[Source records]
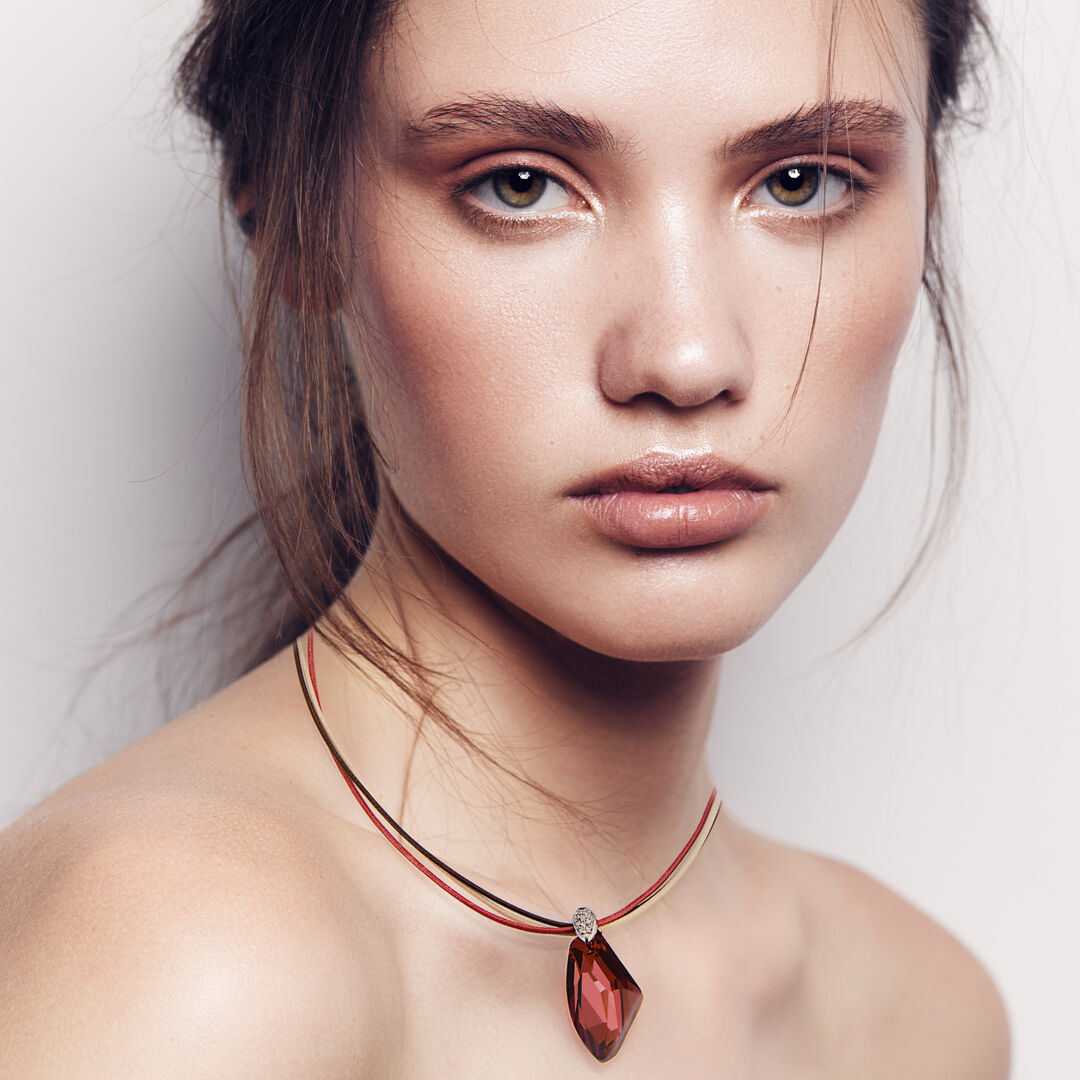 Collar de Swarovski con triple cadena y colgante en cristal en tonos brillantes con elegante lágrima.
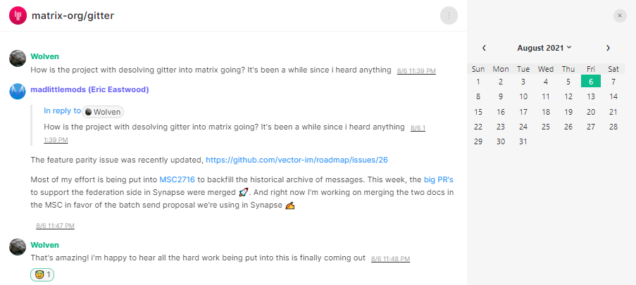 This week I'm showing off an early look at the Matrix public archive. As the name suggests, it acts as an archive of history for your world-readable Matrix rooms. This allows you to view historical content day-by-day and jump back years ago to see what your Matrix room was up to.
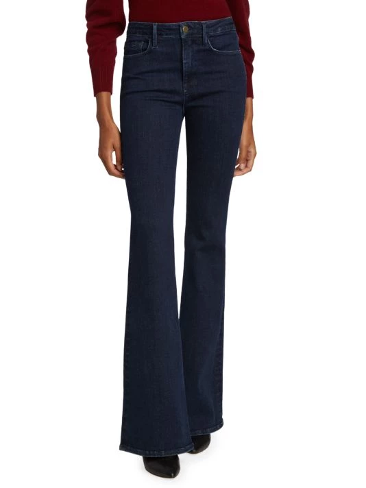 These flared leg jeans are crafted of stretch-denim to fit a wide range of sizes.
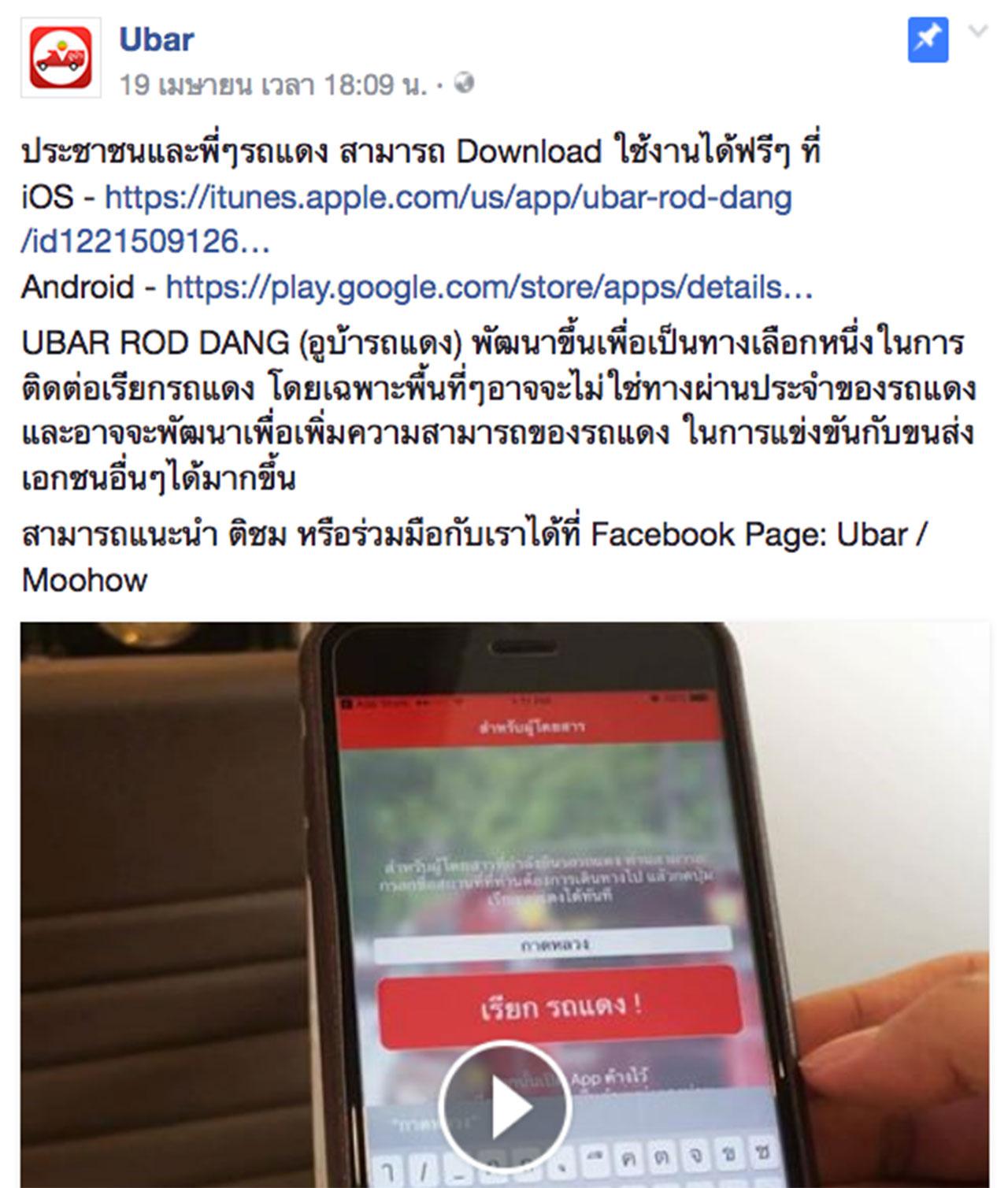 แต่ล่าสุด บริการท้องถิ่นอย่าง "รถแดง" ของเชียงใหม่ ก็ได้เปิดตัวแอปพลิเคชัน Ubar Rod Dang (อูบ้า รถแดง) ซึ่งระบุรายละเอียดไว้ว่า เป็นแอปที่จะช่วยให้ผู้โดยสารรถแดงและคนขับรถแดงในจังหวัดเชียงใหม่ในการทำให้พบกันง่ายขึ้น ใช้งานง่ายโดยไม่ต้องสมัครและไม่มีค่าใช้จ่ายใดๆ สามารถดาวน์โหลดได้ทั้งระบบปฏิบัติการไอโอเอสและแอนดรอยด์
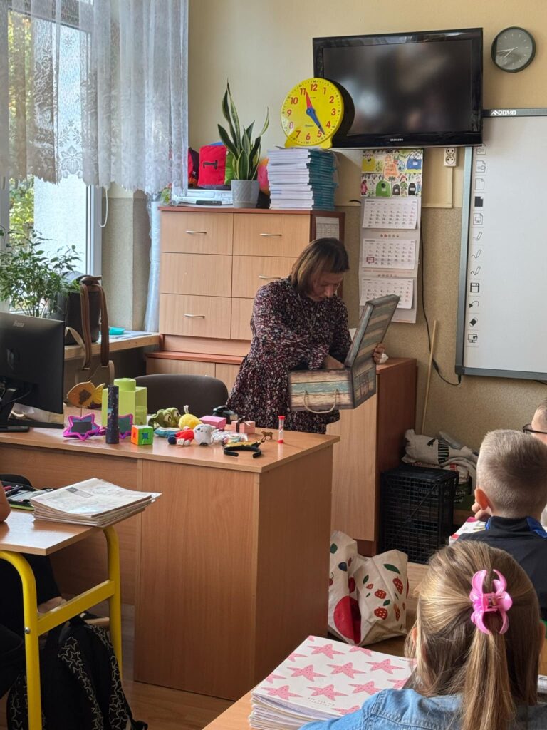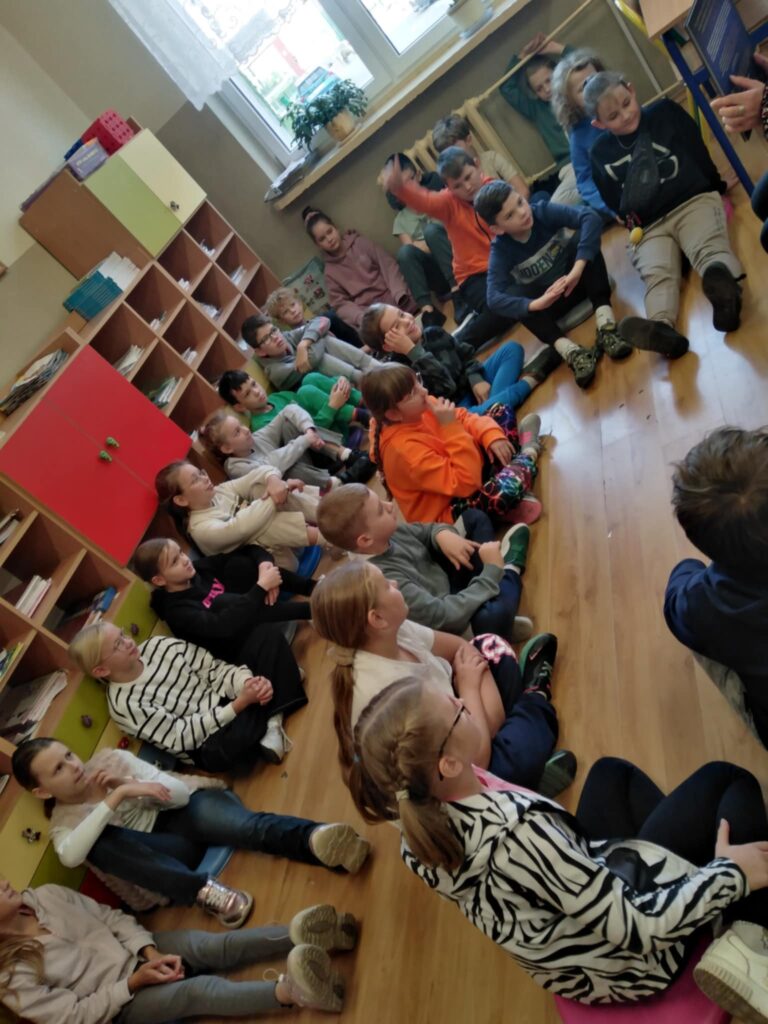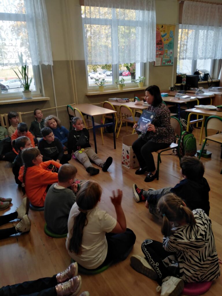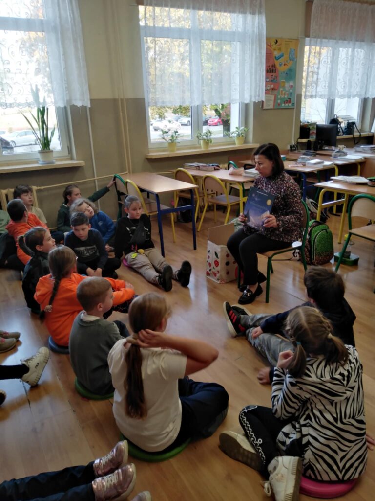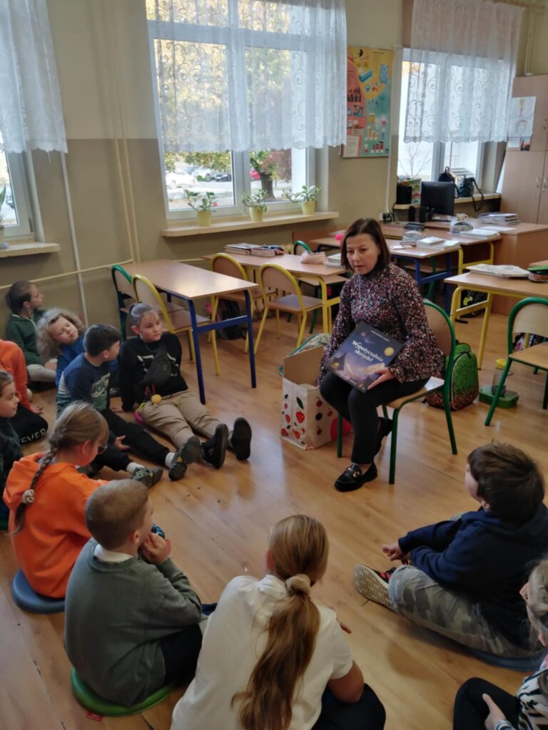 Uczniów odwiedziła pani Bogumiła Pawłowska z Biblioteki Pedagogicznej w Mławie. Podczas zajęć pani Bogumiła przeczytała dzieciom książkę pt.: „Wypożyczalnia skrzydeł” – jest to opowieść o magii czytania. Następnie dzieci brały udział w zabawach, a na koniec wykonały zakładki do książek.

What needs to be done:
Pick up at the line that holds "ของเชียงใหม่ ก็ได้เปิดตัวแอปพลิเคชัน Ubar" and restate each line, word for word, through the last line of the entries. Include both end lines but none of the pictures.

Answer box:
 แต่ล่าสุด บริการท้องถิ่นอย่าง "รถแดง" ของเชียงใหม่ ก็ได้เปิดตัวแอปพลิเคชัน Ubar Rod Dang (อูบ้า รถแดง) ซึ่งระบุรายละเอียดไว้ว่า เป็นแอปที่จะช่วยให้ผู้โดยสารรถแดงและคนขับรถแดงในจังหวัดเชียงใหม่ในการทำให้พบกันง่ายขึ้น ใช้งานง่ายโดยไม่ต้องสมัครและไม่มีค่าใช้จ่ายใดๆ สามารถดาวน์โหลดได้ทั้งระบบปฏิบัติการไอโอเอสและแอนดรอยด์
 Uczniów odwiedziła pani Bogumiła Pawłowska z Biblioteki Pedagogicznej w Mławie. Podczas zajęć pani Bogumiła przeczytała dzieciom książkę pt.: „Wypożyczalnia skrzydeł” – jest to opowieść o magii czytania. Następnie dzieci brały udział w zabawach, a na koniec wykonały zakładki do książek.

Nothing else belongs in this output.